Per-Model Configuration

On each model card, you can:

  • See the Spec Decode badge if the model supports it
  • Toggle spec decode for that specific model
  • View which draft model is being used (shown in the pairing card)

Draft-Target Pairing Card

When a model has spec decode enabled, you'll see a pairing card showing:

  • Target Model: The large, powerful model (e.g., Qwen3 9B)
  • Draft Model: The small, fast model used to predict tokens
  • Speedup Range: Expected performance gain on your device (e.g., "+16-99%" depending on SoC and model)

Live Speed Indicator

When spec decode is active and working, the chat toolbar displays a live speed metric showing tokens per second (tok/s) and the current speedup percentage. A icon appears during token generation to indicate that speculative decoding is actively accelerating your response. These metrics update in real-time as tokens are generated.

FAQ

Does speculative decoding affect output quality?

No. Output quality is identical with or without spec decode. The draft model proposes tokens; the main model verifies and accepts or rejects them. Only tokens that pass verification are included in your response. You get the exact same output, just much faster.

Does it use more RAM?

Yes, a small amount. The draft model stays in memory alongside the main model. Typically, this adds 10-20% to your memory footprint, depending on draft model size. On devices with memory constraints, you can disable spec decode to reclaim that RAM.

Can I disable speculative decoding?

Absolutely. You can disable it globally in Settings, or disable it per-model on the model card. If you find spec decode isn't helping on your device, turn it off.

What if my device doesn't support spec decode?

TokForge automatically detects this. If your device doesn't have the hardware for efficient spec decode, it will be disabled by default. Models will still download and run normally — spec decode is purely optional acceleration. You can always manually enable it in Settings if you want to experiment.

How much disk space do I need for spec decode?

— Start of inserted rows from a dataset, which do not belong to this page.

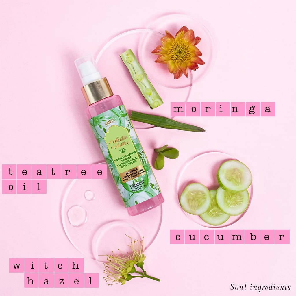 - Bio Active Toner & Face Mist Moringa & Vetiver Our Source and Soul This exceptionally light, alcohol-free mist cloaks the skin in an airy layer that bolsters the skin's defense against city pollution. Every spritz penetrates deeply into the skin layers, revitalizing each cell and leaving a dewy, satin-like finish. Crafted with effective blue light filters to guard against photoaging due to blue light exposure, it also soothes the skin after sun exposure. It cleanses and refines the pores while balancing the skin's pH level. The citrus aroma of orange blossom will instantly elevate your spirits. Infused with skin-nurturing ingredients, it offers botanical nourishment that repairs skin damage and revives the natural microbiome.
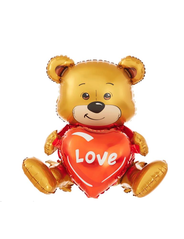 Balon foliowy przedstawiający sympatycznego misia, z sercem z napisem "Love" (Miłość).
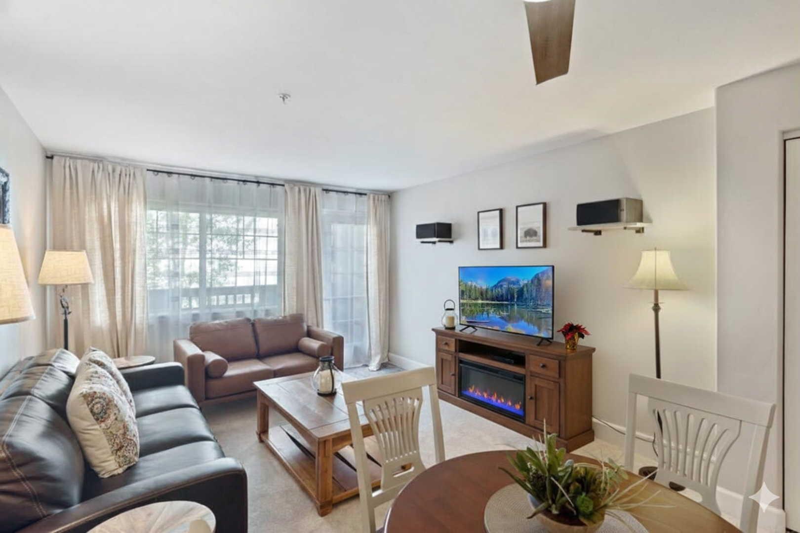 Imagine arriving to a warm and inviting space. A fully-equipped kitchen beckons you to whip up delicious meals after a day on the mountain. Relax in the comfortable living room, complete with a new 55" flat-screen TV, RGB fireplace, and a queen-size sofa bed for extra guests. The spacious bedroom boasts a king-size bed for a restful night's sleep.
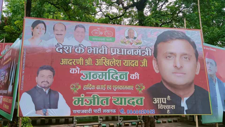 होर्डिंग में लिखा है कि ‘देश के भावी प्रधानमंत्री अखिलेश यादव को जन्मदिन की हार्दिक बधाई और शुभकामनाएं।

Draft models are lightweight and add minimal storage overhead. They download automatically as part of the Acceleration Pack, and you only need to store one draft model per target model. The total size is a small fraction of your main model.

Does spec decode work with custom quantizations?

Speculative decoding works with models quantized in MNN and GGUF formats. If you're using a custom model, spec decode may not be available, but the model will run normally without it.

Can I configure draft-target model pairs?

Not manually. TokForge automatically selects the best draft-target pairing for each model through comprehensive optimization testing (including ForgeLab's SpecDecodeSweepPlanner, which tests different configurations during AutoForge). The system finds the optimal pairing for your device. Custom pairings could result in poor performance, so trust the automatic selection for the best results.

Is there a performance penalty if spec decode fails to predict correctly?

No. Spec decode only helps if it succeeds. If the draft model predicts incorrectly, those tokens are rejected and re-computed correctly by the main model. There's no penalty — you just don't get a speedup for that particular token.

Do I need to download anything extra?

No. Draft models download automatically as "Acceleration Packs" when you download a compatible target model. You don't need to take any extra steps — it's all built into the normal download flow.

What's the battery impact?

Speculative decoding actually reduces battery consumption because inference is faster. Less time computing means less power draw. In most cases, spec decode will improve battery life compared to running without it.

Can I view detailed metrics for spec decode?

Yes. The chat toolbar shows real-time metrics including tokens per second and current speedup percentage whenever spec decode is active. For each response in your chat history, you can view detailed metrics by tapping the metrics icon, which shows tokens generated and the effective speedup for that particular response.